TASK
Under this line are the records; repeat exactly the lines starting at the one containing "Säljer en creme" and ending at the one containing "MS18192 Shield, Electrical", omitting pictures.

DATA SUPPLIED
***

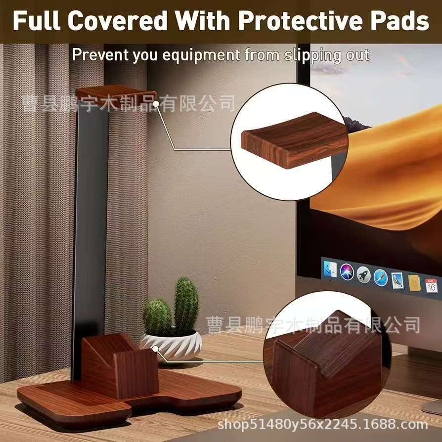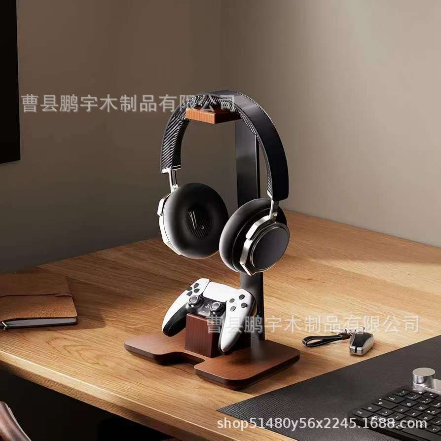 게임 패드 홀더가있는 크리 에이 티브 나무 헤드폰 스탠드 홈 나무 통합 핸들 헤드폰 스탠드 스토리지 랙
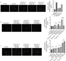 ROS fluorescence intensity in each treatment groups(200×) A. Fluorescence microscope was used to observe the fluorescence intensity of ROS in the positive signal group and the experimental group Ⅰ; B. ROS data analysis of positive signal group and experimental group Ⅰ; C. The fluorescence intensity of ROS in experimental group Ⅱ was observed by fluorescence microscope; D. ROS data analysis of experimental group Ⅱ; E. Fluorescence microscopy was used to observe the fluorescence intensity of ROS in the experimental group Ⅲ; F. ROS data analysis of experimental group Ⅲ"
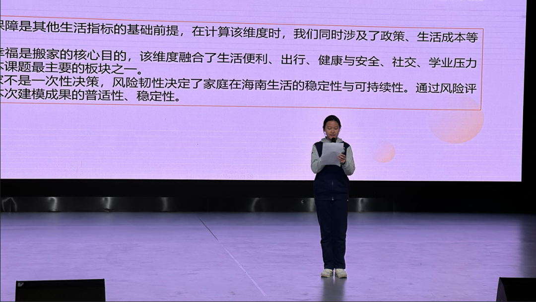 崔瑞镝、迟程、付雨鑫等同学的《海南封关背景下北京家庭的迁移决策方案》,从经济账、幸福账、风险评估三个维度,用数学建模、AHP 层次分析法量化分析迁移决策,让抽象的选择变成有数据支撑的科学判断。
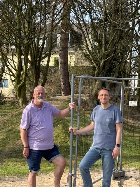 So wollen Ratsmitglied Patrick Neumann und Uwe Görke-Gott auch nach dem Wahlsieg im Wahlkreis bzw. Stadtteil Holzen präsent bleiben.
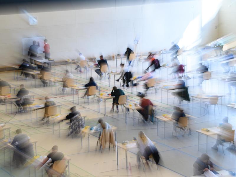 Um Corona-Infektionen zu verhindern, gilt beim Prüfungsmarathon bis zum 20. beziehungsweise 21. Mai (berufliche Gymnasien) in den Schulen Maskenpflicht. Getestete und nicht getestete Schüler sollen währenddessen räumlich voneinander getrennt werden.
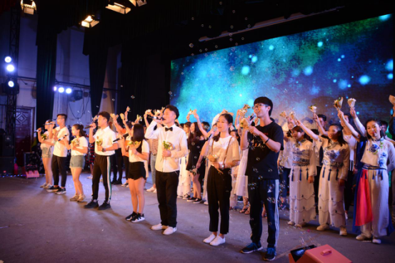 第三章“惜离别,永留恋”的开场视频是对一些大四同学的采访。看着熟悉的身影出现在IED屏幕上,看着他们口中那一声声的不舍与怀念,很多毕业生都不禁潸然泪下。接下来的节目则是优美动人的群舞《青花微凉》、笑中带泪的情景剧《重“心”开始,筑梦未来》、妖娆妩媚的《肚皮舞》。在晚会即将结束之际,由主持人与我院老师共同带来的朗诵《生命中的四年韶华》温暖人心,字字句句都是老师的叮嘱,字里行间都是同学们的不舍,将晚会推向了最后的高潮。最后,由今晚的有所演员一起合唱的《栀子花开》,并为毕业生献上代表着永远热爱与永远守候的栀子花,晚会至此结束。
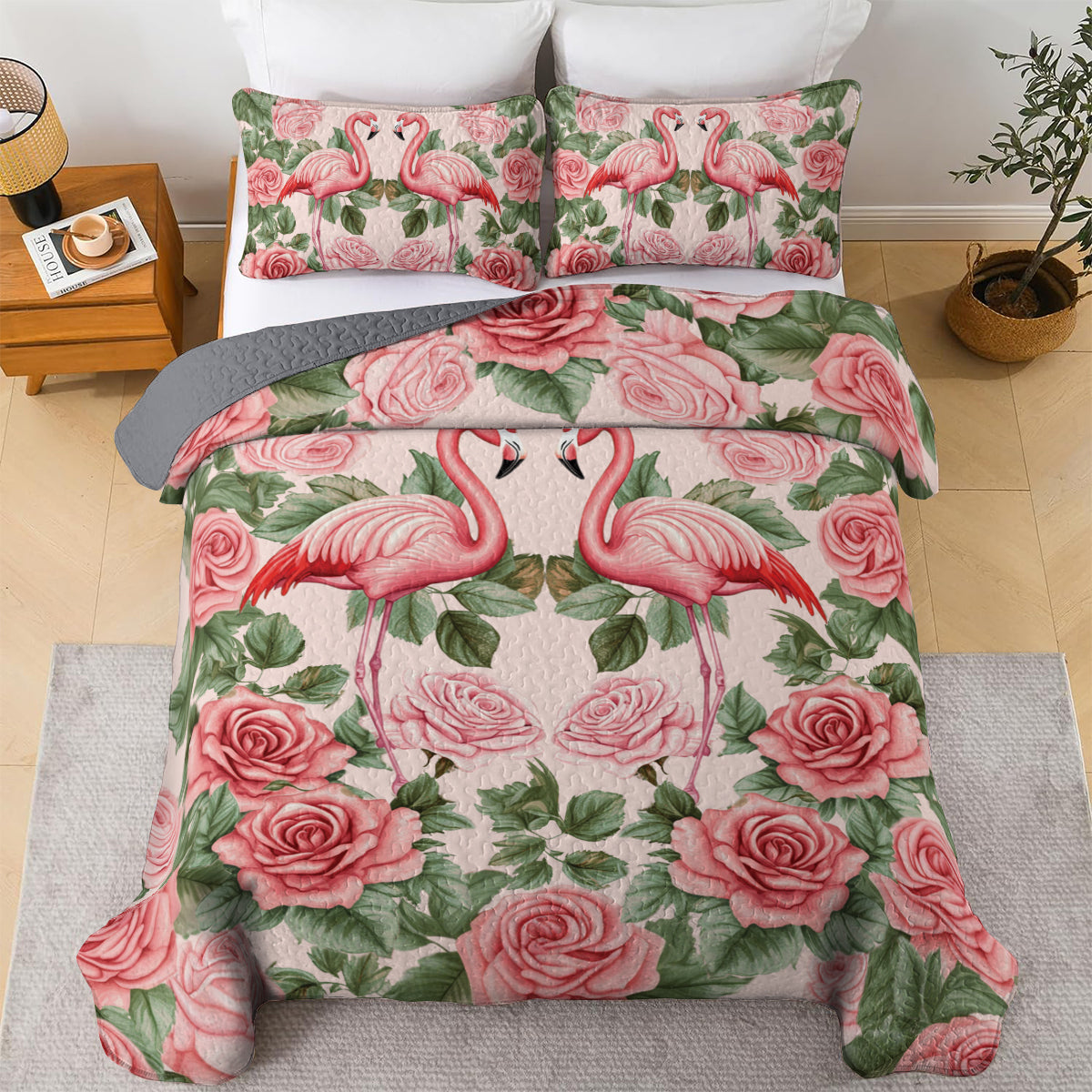 Shineful All Season Quilt 3-Piece Set Flamingo Rose
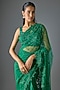 Emerald Green Net Sequins Embroidered Ruffled Saree Set
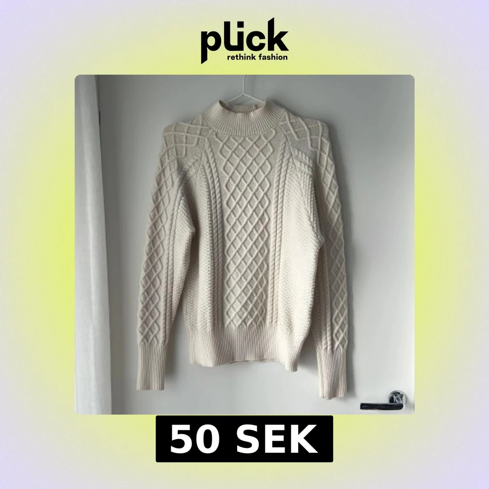 Säljer en creme vit stickad tröja från Vero Moda i storlek S. Tröjan har ett snyggt flätmönster framtill och på ärmarna, samt en ribbad hög krage och muddar. Perfekt för dig som gillar mysiga och stilrena plagg med lite extra struktur.
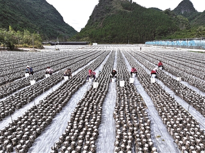 1月5日,广西河池市罗城仫佬族自治县东门镇大福村村民在采收黑木耳(无人机照片)。当日是小寒节气,各地农民抢抓农时,有序开展农事活动。
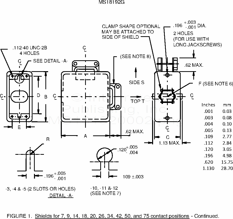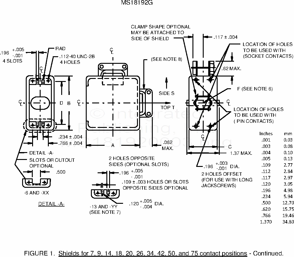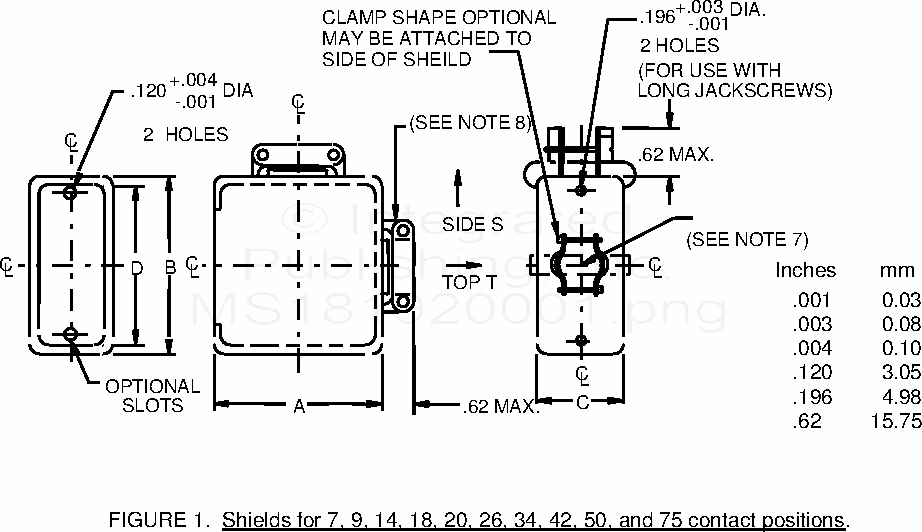 MS18192 Shield, Electrical Connectors For 7, 9, 14, 20, 26, 34, 42, 50 And 75 Contact Connectors
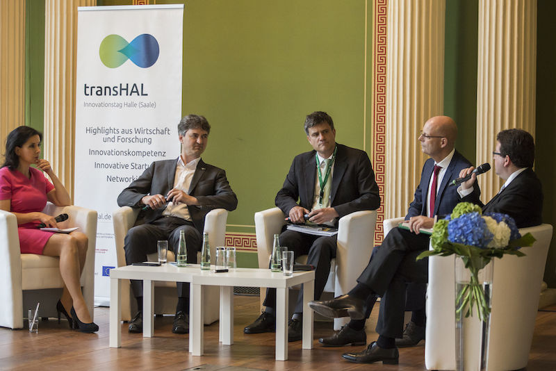 In einer Podiumsdiskussion ging es zwischen vielen weiteren Programmpunkten des Tages einmal mehr um die durch den beschlossenen Kohleausstieg notwendige Gestaltung des Strukturwandels für Halle und die Region. Es diskutierten Rektor Prof. Dr. Christian Tietje und Oberbürgermeister Dr. Bernd Wiegand mit PD Dr. Mirko Titze vom Leibnitz-Institut für Wirtschaftsforschung Halle und dem Geschäftsführer der Stadtwerke Halle GmbH Matthias Lux.
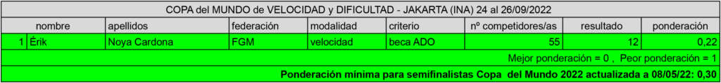 Tras la celebración de ambas pruebas internacionales, se hacen públicas las ponderaciones y resultados de nuestro deportista.

***

TASK RESULT
 Säljer en creme vit stickad tröja från Vero Moda i storlek S. Tröjan har ett snyggt flätmönster framtill och på ärmarna, samt en ribbad hög krage och muddar. Perfekt för dig som gillar mysiga och stilrena plagg med lite extra struktur.
 1月5日,广西河池市罗城仫佬族自治县东门镇大福村村民在采收黑木耳(无人机照片)。当日是小寒节气,各地农民抢抓农时,有序开展农事活动。
 MS18192 Shield, Electrical Connectors For 7, 9, 14, 20, 26, 34, 42, 50 And 75 Contact Connectors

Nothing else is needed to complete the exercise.